- _Task requirements_
Locate "Torba zaprojektowana do" in the records below, then copy its line and every following line exactly, without the pictures.

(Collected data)
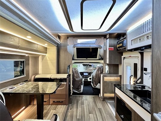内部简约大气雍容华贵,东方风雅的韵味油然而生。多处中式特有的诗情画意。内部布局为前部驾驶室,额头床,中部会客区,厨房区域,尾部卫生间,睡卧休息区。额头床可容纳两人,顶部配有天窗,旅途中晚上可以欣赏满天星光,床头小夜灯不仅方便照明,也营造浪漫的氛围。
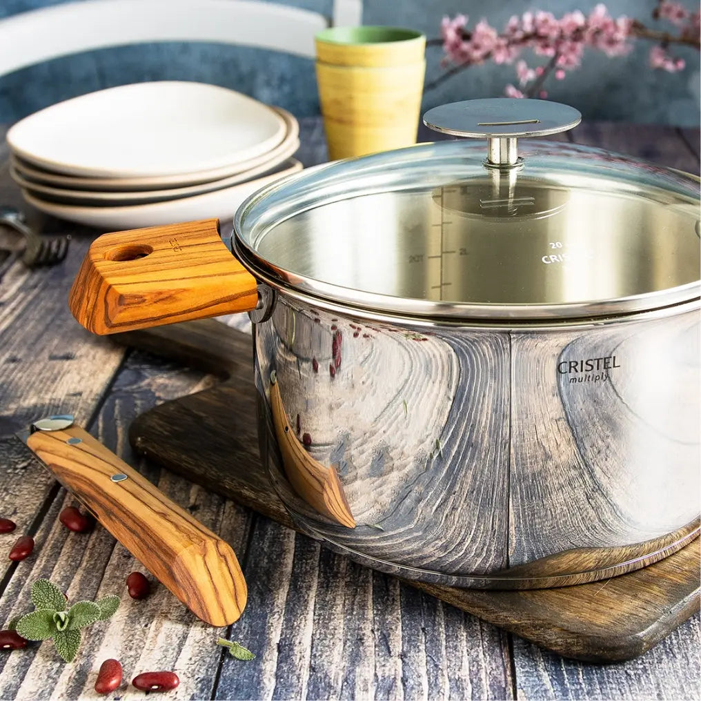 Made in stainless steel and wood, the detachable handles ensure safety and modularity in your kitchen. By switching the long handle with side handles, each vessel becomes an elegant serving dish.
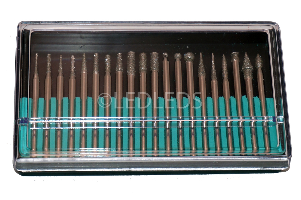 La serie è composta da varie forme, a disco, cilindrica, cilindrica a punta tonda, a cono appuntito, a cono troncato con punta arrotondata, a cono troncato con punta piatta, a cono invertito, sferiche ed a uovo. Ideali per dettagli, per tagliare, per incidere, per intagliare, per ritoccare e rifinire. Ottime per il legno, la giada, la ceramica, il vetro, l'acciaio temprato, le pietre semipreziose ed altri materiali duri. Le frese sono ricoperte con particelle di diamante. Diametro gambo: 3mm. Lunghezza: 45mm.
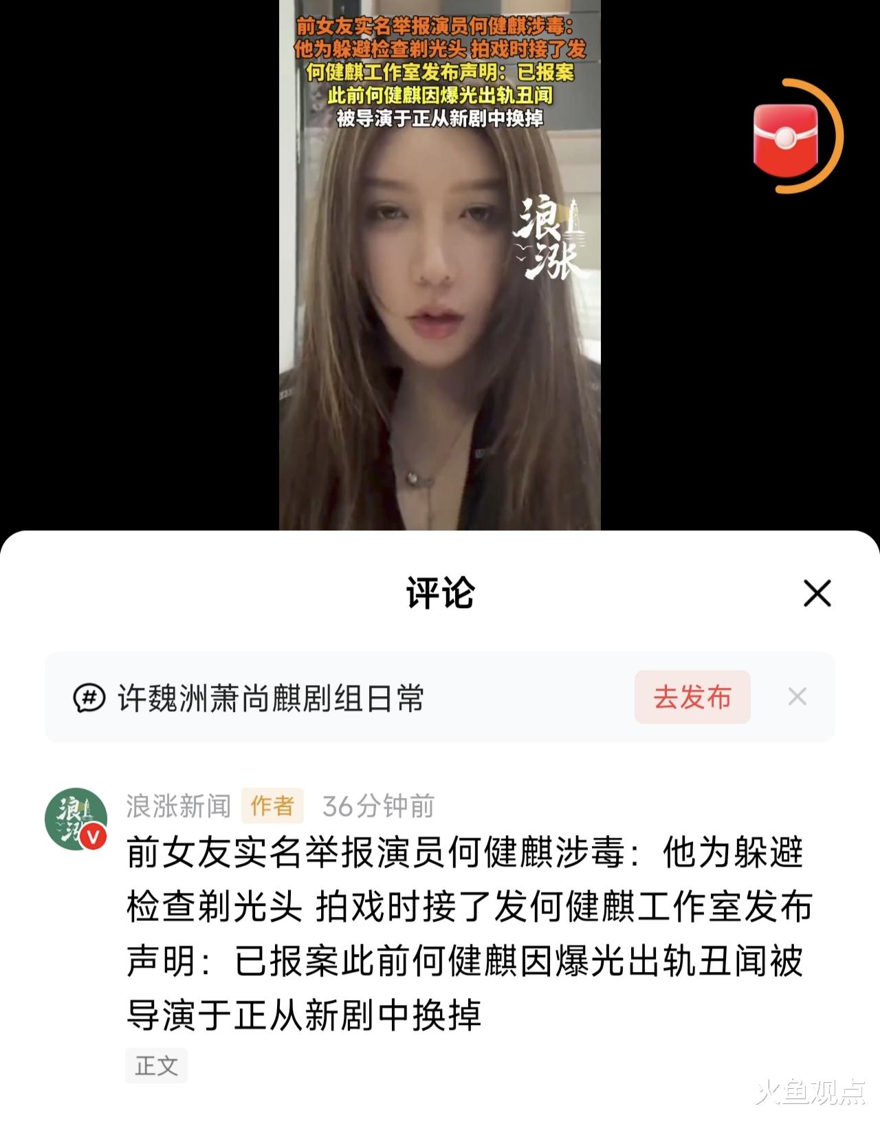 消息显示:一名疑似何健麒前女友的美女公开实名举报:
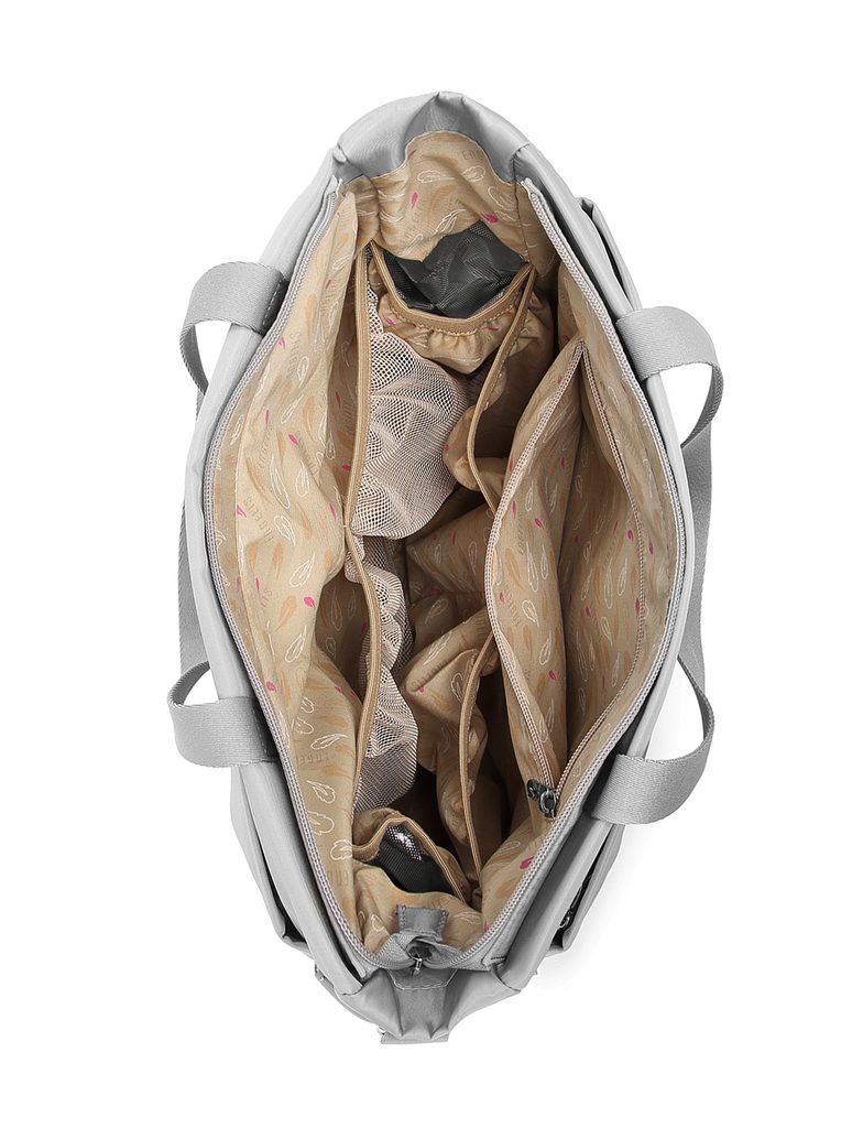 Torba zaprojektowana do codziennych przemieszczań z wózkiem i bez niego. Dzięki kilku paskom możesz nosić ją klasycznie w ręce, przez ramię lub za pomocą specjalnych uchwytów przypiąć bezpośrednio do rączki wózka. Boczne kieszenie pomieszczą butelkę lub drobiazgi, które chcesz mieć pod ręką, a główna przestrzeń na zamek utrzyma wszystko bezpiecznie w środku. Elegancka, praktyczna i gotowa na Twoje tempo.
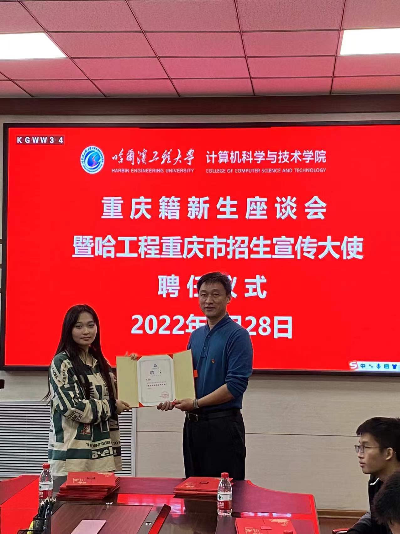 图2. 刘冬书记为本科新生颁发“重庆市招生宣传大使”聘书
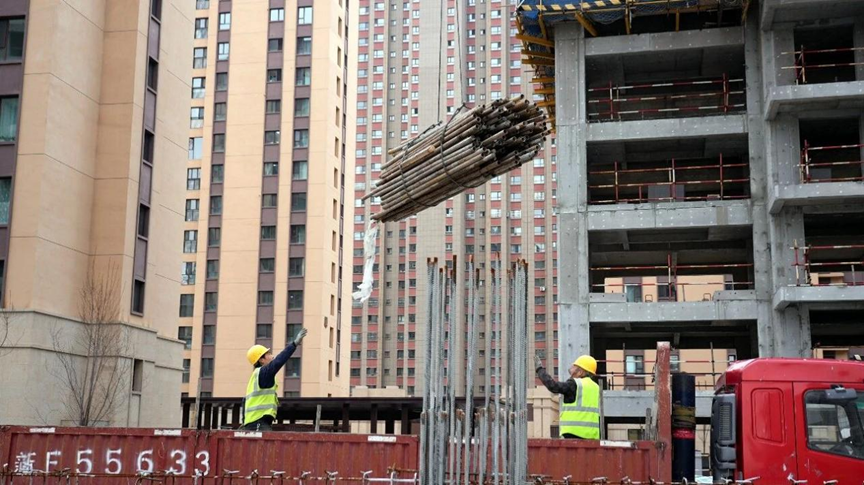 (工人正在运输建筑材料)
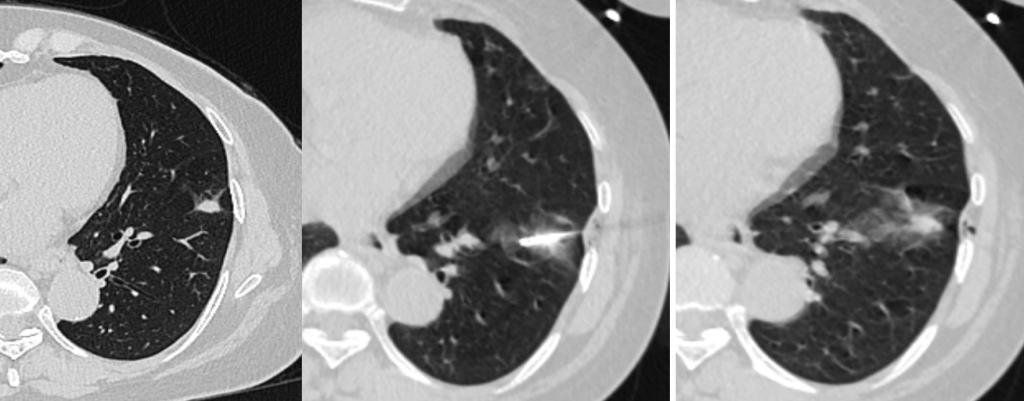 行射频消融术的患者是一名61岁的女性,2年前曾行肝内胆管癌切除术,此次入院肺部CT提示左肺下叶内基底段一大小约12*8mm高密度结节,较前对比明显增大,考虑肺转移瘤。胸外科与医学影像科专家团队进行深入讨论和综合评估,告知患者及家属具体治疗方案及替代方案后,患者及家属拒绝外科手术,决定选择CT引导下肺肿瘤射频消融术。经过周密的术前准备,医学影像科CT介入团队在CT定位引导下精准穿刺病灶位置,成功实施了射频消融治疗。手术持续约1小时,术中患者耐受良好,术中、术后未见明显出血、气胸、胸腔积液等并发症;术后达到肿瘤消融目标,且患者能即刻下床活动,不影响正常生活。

- _Written solution_
 Torba zaprojektowana do codziennych przemieszczań z wózkiem i bez niego. Dzięki kilku paskom możesz nosić ją klasycznie w ręce, przez ramię lub za pomocą specjalnych uchwytów przypiąć bezpośrednio do rączki wózka. Boczne kieszenie pomieszczą butelkę lub drobiazgi, które chcesz mieć pod ręką, a główna przestrzeń na zamek utrzyma wszystko bezpiecznie w środku. Elegancka, praktyczna i gotowa na Twoje tempo.
 图2. 刘冬书记为本科新生颁发“重庆市招生宣传大使”聘书
 (工人正在运输建筑材料)
 行射频消融术的患者是一名61岁的女性,2年前曾行肝内胆管癌切除术,此次入院肺部CT提示左肺下叶内基底段一大小约12*8mm高密度结节,较前对比明显增大,考虑肺转移瘤。胸外科与医学影像科专家团队进行深入讨论和综合评估,告知患者及家属具体治疗方案及替代方案后,患者及家属拒绝外科手术,决定选择CT引导下肺肿瘤射频消融术。经过周密的术前准备,医学影像科CT介入团队在CT定位引导下精准穿刺病灶位置,成功实施了射频消融治疗。手术持续约1小时,术中患者耐受良好,术中、术后未见明显出血、气胸、胸腔积液等并发症;术后达到肿瘤消融目标,且患者能即刻下床活动,不影响正常生活。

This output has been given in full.